II. Tetrad and Vierbein fields

Orthonormality Relations

   The Greek vierbein (or ‘curved’) indices can be raised or lowered by the metric, i.e. ${g^{\mu \nu }}$ or ${g_{\mu \nu }}$ , respectively. In contrast, the Latin (or ‘Lorentzian’ or ‘flat’) vierbein indices can be manipulated using ${\eta ^{ab}}$ or ${\eta _{ab}}$. For example:

2.10

\[{e^{\mu a}}: = {g^{\mu \nu }}e_\nu ^{\;{\kern 1pt} a}\qquad {e_{\nu a}}: = {\eta _{ab}}e_\nu ^{\;{\kern 1pt} b}\qquad {e^\mu }_a : = {\eta _{ab}}{g^{\mu \nu }}{e_\nu }^b \]
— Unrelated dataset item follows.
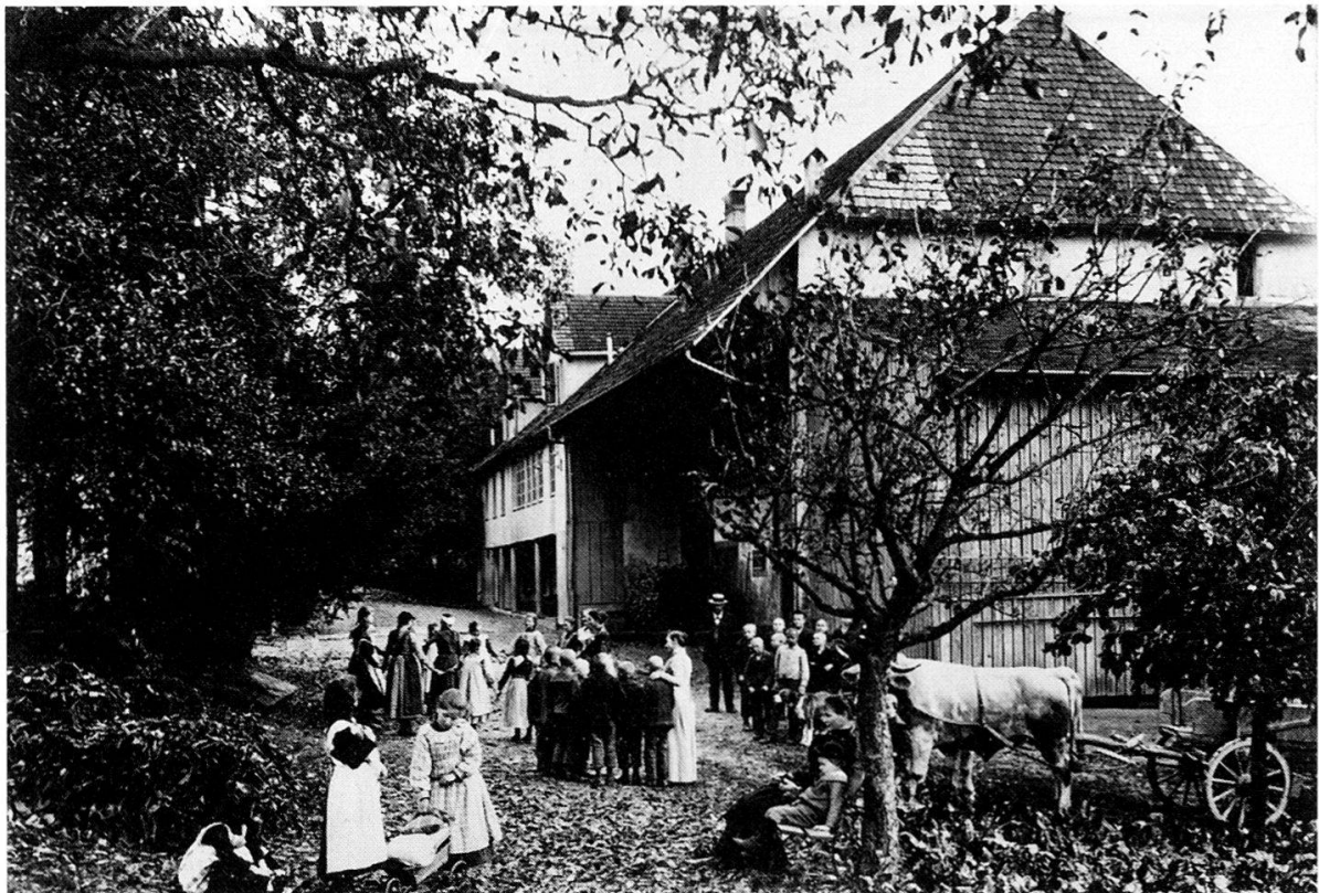
Die Taubstummenanstalt verlegte ihren Sitz erst 1877 auf den Landenhof. Erst bezog sie ein Gebäude in der Baumschule Rombach, anschliessend war sie für Jahrzehnte in Aarau untergebracht. Die Bilder zeigen den Standort in Aarau am Ziegelrain (1850–1853) und die Schule auf dem Landenhof (seit 1877).

The vierbein field itself can be similarly manipulated: ${e^\nu }_a = {e^\mu }_a{e^\nu }_\mu $, since ${e^\nu }_\mu = \delta _\mu ^\nu $. [Wikipedia: Spin Connection]

   By appropriately raising and lowering indices and using (1.10), one can demonstrate that the vierbein fields defined by (2.) satisfy the orthonormality relations

2.11

\[  {e^\mu }_a(x){e_\nu }^a(x) = \delta _\nu ^\mu {\quad}{e_\mu }^a(x){e^\mu }_b(x) = \delta _b^a  \]
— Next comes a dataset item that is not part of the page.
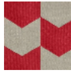
L4534_LES_FL ECHES_N3014_F FM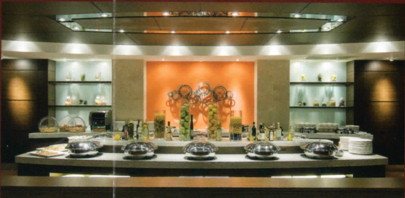
カフェレストラン アヴァンセ

confirming that ${e^\mu }_a$ is indeed the inverse of the vierbein ${e_\mu }^a$, and visa versa.

   It is noteworthy that the vierbeins serve double purposes:

  1. the vierbein serves as components of the coordinate basis vectors in terms of the orthonormal tetrad (2.6), and as components of the reciprocal tetrad in relation to the coordinate reciprocal basis.
  2. the inverse vierbein acts as the components of the orthonormal tetrad basis vectors in terms of the coordinate basis (2.7), and as components of the reciprocal coordinate basis in relation to the reciprocal tetrad basis;

   Formally, a linear operator can be assigned to map the coordinate frame into the orthonormal frame, expressed as:

2.12

\[ {{\mathbf{e}}_a} = {e^\mu }_a{{\mathbf{g}}_\mu }: = h({{\mathbf{g}}_\mu }) {\quad}{{\mathbf{g}}_\mu } = {e_\mu }^a{{\mathbf{e}}_a}: = {h^{ - 1}}({{\mathbf{e}}_a}){\text{ }}  \]

This operator represents the vierbein field. The assumption of invertibility of the map ensures that the adjoint map ${{\mathbf{e}}^a} = \bar h({{\mathbf{g}}^\mu })$ is also invertible.